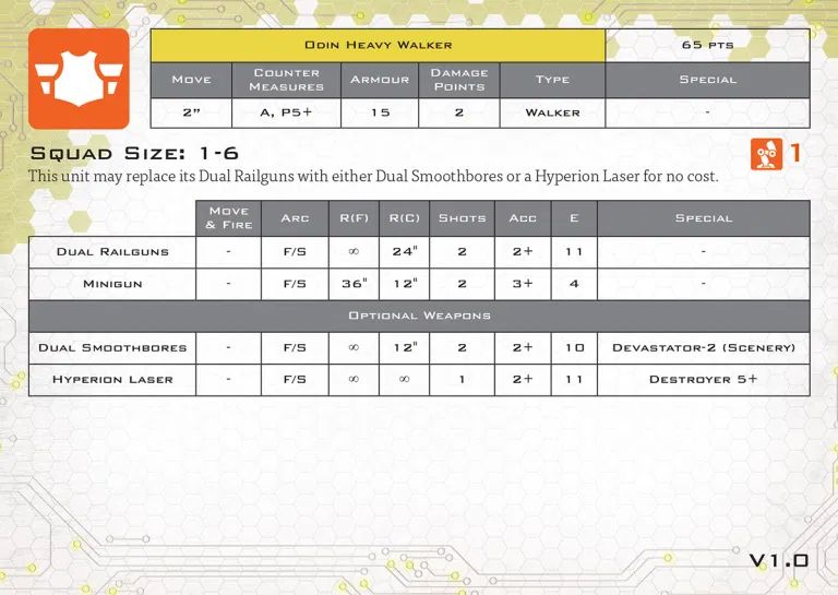 The Odin Heavy Walker used to be a single unit with no options. As did the Enyo and the Hyperion. With a wave of a magic wand, now they’re all in one sheet! You can take the Odin with Dual Railguns, or swap them for Dual Smoothbores or a Hyperion Laser for no points. They all function pretty much identically to how they did before, but it only takes up one space on the army builder, so you don’t have to flick between the units to find out which is best for the role you want.
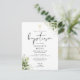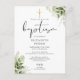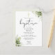Este cartão postal de convite de batismo com folhas de botânica elegantes pode ser personalizado com suas informações em tipografia chic com suas iniciais de monograma no verso. Criado por Thisisnotme©
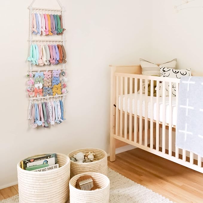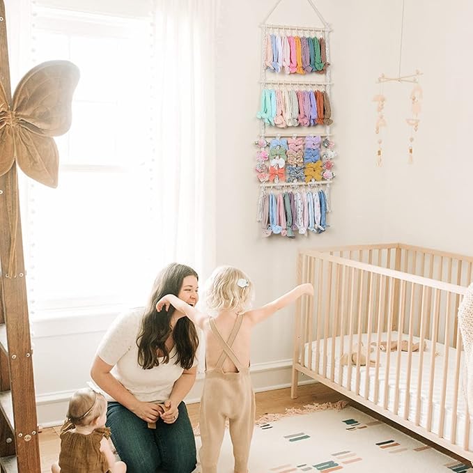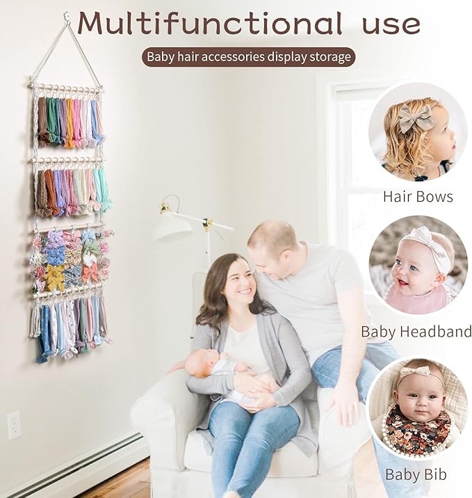 - Great Present Ldea : The baby girl headband organizer is a great organizer for hair accessories collectors. The newborn headbands and bows hanging organizer is the perfect present for birthdays, newborn presents, baby shower parties, family photography, holidays.
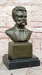 Set atop a polished black marble base, the statue is both sturdy and elegant, making it an ideal display piece for music lovers, art collectors, or anyone with an appreciation for European history. Whether placed in a study, library, or music room, this bronze bust serves as a striking focal point and a meaningful celebration of artistic legacy.Bronze Dimensions with Marble Base: Height 10" x Width 5.5"
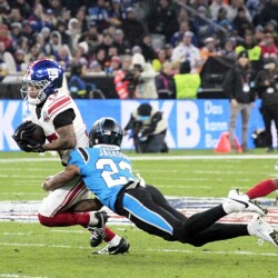 Auf dem Feld lieferten sich die Panthers und Giants ein hart umkämpftes Spiel. Carolina startete stark und führte zur Halbzeit mit 10:0, dank eines Touchdowns von Tight End Ja’Tavion Sanders und eines Field Goals. Die Giants taten sich schwer, fanden jedoch in der zweiten Hälfte besser ins Spiel. Runningback Tyrone Tracy brachte New York mit einem Touchdown zurück ins Rennen, bevor Quarterback Daniel Jones selbst zum Touchdown lief und den Anschluss herstellte.
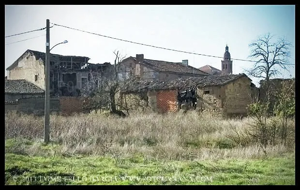 La ruta de los portugueses, que atraviesa diagonalmente la región castellanoleonesa y comunica Europa con el país vecino, es una de las mejores carreteras para conocer los paisajes y las formas de vida de los pueblos y hábitats de este territorio. Desde Fuentes de Oñoro hasta Miranda de Ebro y más allá, la vieja nacional, que corre paralela a la moderna autovía, permite viajar desde las dehesas salmantinas hasta el angosto paso hacia las provincias vascas, y en su mayor parte discurre por llanuras infinitas jalonadas de pinares, amplios valles y campos de labor que son la mejor tarjeta de presentación de esta meseta cerealista. A lo largo de la ruta aparecen numerosos pueblos, unos más grandes que otros. Hay veces que estos pueblos crecieron al calor del tráfico que generaba la ruta, y otras en que la ruta se desvió ligeramente para comunicar tal o cual pueblo importante. Lo que es indudable es que todos ellos conforman un extraordinario crisol de la tradición urbanística y arquitectónica de Castilla y León. En mis frecuentes viajes entre Salamanca y Valladolid, solía tomar la nacional como alternativa pintoresca a la autovía ya que, aún a riesgo de toparme con algún animal suelto, el placer de conducir durante kilómetros sin más tráfico que el de mi propio coche es una experiencia única, con el añadido de poder acercarme, e incluso atravesar, tantos pueblos en mi camino.
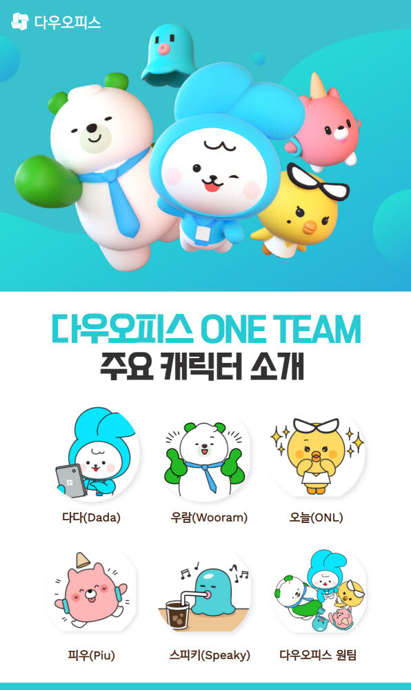 다우기술은 동물을 모티브로, 부드럽고 친근감 있는 '다다, 우람, 오늘, 피우, 스피키' 등 캐릭터 5종을 제작했다. 다우기술은 '다우오피스 원 팀'을 구성하는 캐릭터를 △인사 △회계 △영업·마케팅 △개발 △고객 지원 분야 담당자로 설정, 다양한 기능을 지원하는 다우오피스를 효과적으로 소개하는 데 일조할 것으로 기대했다.
::::::
• **EXERCISE BRIEF**
Copy out the records exactly; the pictures stay behind.

• **REPLY**
 The Odin Heavy Walker used to be a single unit with no options. As did the Enyo and the Hyperion. With a wave of a magic wand, now they’re all in one sheet! You can take the Odin with Dual Railguns, or swap them for Dual Smoothbores or a Hyperion Laser for no points. They all function pretty much identically to how they did before, but it only takes up one space on the army builder, so you don’t have to flick between the units to find out which is best for the role you want.
Este cartão postal de convite de batismo com folhas de botânica elegantes pode ser personalizado com suas informações em tipografia chic com suas iniciais de monograma no verso. Criado por Thisisnotme©
 - Great Present Ldea : The baby girl headband organizer is a great organizer for hair accessories collectors. The newborn headbands and bows hanging organizer is the perfect present for birthdays, newborn presents, baby shower parties, family photography, holidays.
 Set atop a polished black marble base, the statue is both sturdy and elegant, making it an ideal display piece for music lovers, art collectors, or anyone with an appreciation for European history. Whether placed in a study, library, or music room, this bronze bust serves as a striking focal point and a meaningful celebration of artistic legacy.Bronze Dimensions with Marble Base: Height 10" x Width 5.5"
 Auf dem Feld lieferten sich die Panthers und Giants ein hart umkämpftes Spiel. Carolina startete stark und führte zur Halbzeit mit 10:0, dank eines Touchdowns von Tight End Ja’Tavion Sanders und eines Field Goals. Die Giants taten sich schwer, fanden jedoch in der zweiten Hälfte besser ins Spiel. Runningback Tyrone Tracy brachte New York mit einem Touchdown zurück ins Rennen, bevor Quarterback Daniel Jones selbst zum Touchdown lief und den Anschluss herstellte.
 La ruta de los portugueses, que atraviesa diagonalmente la región castellanoleonesa y comunica Europa con el país vecino, es una de las mejores carreteras para conocer los paisajes y las formas de vida de los pueblos y hábitats de este territorio. Desde Fuentes de Oñoro hasta Miranda de Ebro y más allá, la vieja nacional, que corre paralela a la moderna autovía, permite viajar desde las dehesas salmantinas hasta el angosto paso hacia las provincias vascas, y en su mayor parte discurre por llanuras infinitas jalonadas de pinares, amplios valles y campos de labor que son la mejor tarjeta de presentación de esta meseta cerealista. A lo largo de la ruta aparecen numerosos pueblos, unos más grandes que otros. Hay veces que estos pueblos crecieron al calor del tráfico que generaba la ruta, y otras en que la ruta se desvió ligeramente para comunicar tal o cual pueblo importante. Lo que es indudable es que todos ellos conforman un extraordinario crisol de la tradición urbanística y arquitectónica de Castilla y León. En mis frecuentes viajes entre Salamanca y Valladolid, solía tomar la nacional como alternativa pintoresca a la autovía ya que, aún a riesgo de toparme con algún animal suelto, el placer de conducir durante kilómetros sin más tráfico que el de mi propio coche es una experiencia única, con el añadido de poder acercarme, e incluso atravesar, tantos pueblos en mi camino.
 다우기술은 동물을 모티브로, 부드럽고 친근감 있는 '다다, 우람, 오늘, 피우, 스피키' 등 캐릭터 5종을 제작했다. 다우기술은 '다우오피스 원 팀'을 구성하는 캐릭터를 △인사 △회계 △영업·마케팅 △개발 △고객 지원 분야 담당자로 설정, 다양한 기능을 지원하는 다우오피스를 효과적으로 소개하는 데 일조할 것으로 기대했다.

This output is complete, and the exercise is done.